“Disney’s Enchanted, A Tale of Betrayal and Chest Hair Fondling” by John Overmeier, Buffalo Springs Daily
Media powerhouse Disney spellbinds us with yet another Prince and Princess fairytale movie, Enchanted, for the Holiday Tree season. Starting off as what appears to be an innocent family friendly movie, parents and their enraptured children will soon wonder what Enchanted’s “PG” rating is for, but not for long…
Using snippets of the traditional storyline of Snow White and Sleeping Beauty, Princess Giselle falls in love with a Prince in cartoon fairyland but she gets banished by his evil stepmother to the harsh reality of New York City, emerging from a sewer man-hole cover dressed in her princess get-up and a gold crown which is stolen in due time by a homeless man with poor dental hygiene.

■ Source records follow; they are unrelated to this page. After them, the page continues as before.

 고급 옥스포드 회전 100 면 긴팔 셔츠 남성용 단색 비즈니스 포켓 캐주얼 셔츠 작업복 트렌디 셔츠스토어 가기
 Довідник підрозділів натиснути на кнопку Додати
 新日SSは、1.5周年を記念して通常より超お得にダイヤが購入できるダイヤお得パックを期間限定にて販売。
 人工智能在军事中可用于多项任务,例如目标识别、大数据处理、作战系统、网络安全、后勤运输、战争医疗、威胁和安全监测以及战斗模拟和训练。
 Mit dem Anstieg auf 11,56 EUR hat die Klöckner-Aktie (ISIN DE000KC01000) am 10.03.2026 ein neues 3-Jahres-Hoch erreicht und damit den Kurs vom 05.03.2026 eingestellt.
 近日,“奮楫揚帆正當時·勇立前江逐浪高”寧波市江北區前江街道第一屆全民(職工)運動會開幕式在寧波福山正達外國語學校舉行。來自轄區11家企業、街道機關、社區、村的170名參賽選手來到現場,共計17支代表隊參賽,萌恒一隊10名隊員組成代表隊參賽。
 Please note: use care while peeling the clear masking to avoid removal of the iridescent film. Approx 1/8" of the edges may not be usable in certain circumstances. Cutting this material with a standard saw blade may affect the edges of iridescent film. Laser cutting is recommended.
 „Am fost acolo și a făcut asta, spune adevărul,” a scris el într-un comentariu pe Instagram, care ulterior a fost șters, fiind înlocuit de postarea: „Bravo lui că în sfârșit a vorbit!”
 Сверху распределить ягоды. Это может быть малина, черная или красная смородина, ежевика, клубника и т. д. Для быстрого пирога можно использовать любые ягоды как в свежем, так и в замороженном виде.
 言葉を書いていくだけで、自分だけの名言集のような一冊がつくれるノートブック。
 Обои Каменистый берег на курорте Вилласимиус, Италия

Wandering like a lunatic around New York City looking in earnest for her “castle”, she quickly catches the attentions of a divorce lawyer with motherless child. Here is where Disney begins the evisceration of the traditional family, albeit by way of spoofing, but to which most children will only become more confused coming as they do too from divorce and broken families.
The divorce lawyer takes in the endearing Princess for the night and in a scene reminiscent of every children’s movie, the showered and half naked Princess wrapped in a towel accidentally stumbles out of the bathroom and lands atop the divorce lawyer in a straddling sexual position, just as the divorce lawyer’s girlfriend of 5 years comes in the front door. Gee kids, it’s only accidental!
Meanwhile, the Prince has followed through the cartoon-to-reality spinning tunnel in pursuit of his precious Princess, along with the evil stepmother and a butler lackey toting along some evil fruit for the Princess. If the Prince had an inkling of what the lewd little Princess had been up to he probably would have given her the poisonous apple himself and saved the other folks the trouble.
Around this time the Princess starts to fondle the divorce lawyer’s chest hair and puckers up for a kiss, though she is supposedly to marry the Prince—her one true love—who she had previously been raving and crooning pleasantly about. This scene is particularly abhorrent since the prelude to the fondling is the Princess getting angry but then suddenly calming down and feeling attracted to the open bathrobe of the divorce lawyer—almost a “make-up sex” scene if Disney could have pumped that “PG” rating a little more. If only we could let the Prince know…
The divorce lawyer and the Princess do go on a date together, and Disney tosses about the idea that maybe people should “get to know one another” before further commitment, whatever that is, but which the audience might presume to be marriage. Over dinner the conversation meanders to the fact that there is a kid with no mother following the divorce lawyer around. The single parent divorce lawyer mumbles something about things not working out between he and his one night stand, live-in girlfriend, or divorced wife—whichever it is, Disney doesn’t reveal to us, only that “she left”. The divorced lawyer’s moping cynical existence begs the question: Why burden the upbeat Princess with your impropriety and sullenness?
Yet here the single parent divorce lawyer happily sits at dinner with the ravishing Princess, calculating his next amorous relationship with a real life floozy. Whatever happened to Dr. Laura’s advice that single parents should stay single while raising their children, instead of creating an unnecessary hectic drama that the singles dating scene is sure to burden their children with? Obviously, the cartoon-made-CGI chipmunk didn’t whisper that bit of advice in his ear.
The whole movie falls flat on its face when an unbridled swinger’s party erupts at the end and the main characters all switch love partners. Everyone gets kicked to the curb but rebounds with another love interest! The Princess falls in love with the single parent divorce lawyer, and the Prince falls in love with the five year girlfriend of the divorce lawyer—both of whom they only met the day before. Oops! Sorry for spoiling the end of the movie!
So much for “getting to know someone” when Disney returns triumphantly to the love of immediacy which they were apparently spoofing all along. Unknown to Disney and its producers is the fact that to truly satirize something (beyond immature spoofing) is to include its correction, and Enchanted unfortunately serves to exacerbate or at least tolerate societal problems of divorce and sexual irresponsibility.
Disney could have scripted the Princess falling deeper in love with the Prince after discovering the Prince really was a loving and honorable guy. The divorce lawyer could have rediscovered his love for his long time girlfriend and offered up on bended knee some bling for her finger, or reconciled with the mother of his child (Oh! the horror!), but Disney had other plans for the characters by clamoring them past the ongoing wreckage of relationships.
Wrapped in a veneer of family friendly fairytale magic and appealing animated animals, kids instead get a dose of broken families, sexual innuendo, chest hair fondling, “swinging” and a bad bout of Christina Aguilera type wailing at the end.
Enchanted is a depressing affair, not an enlightening love story. Watch Sex and the City, it does a better job.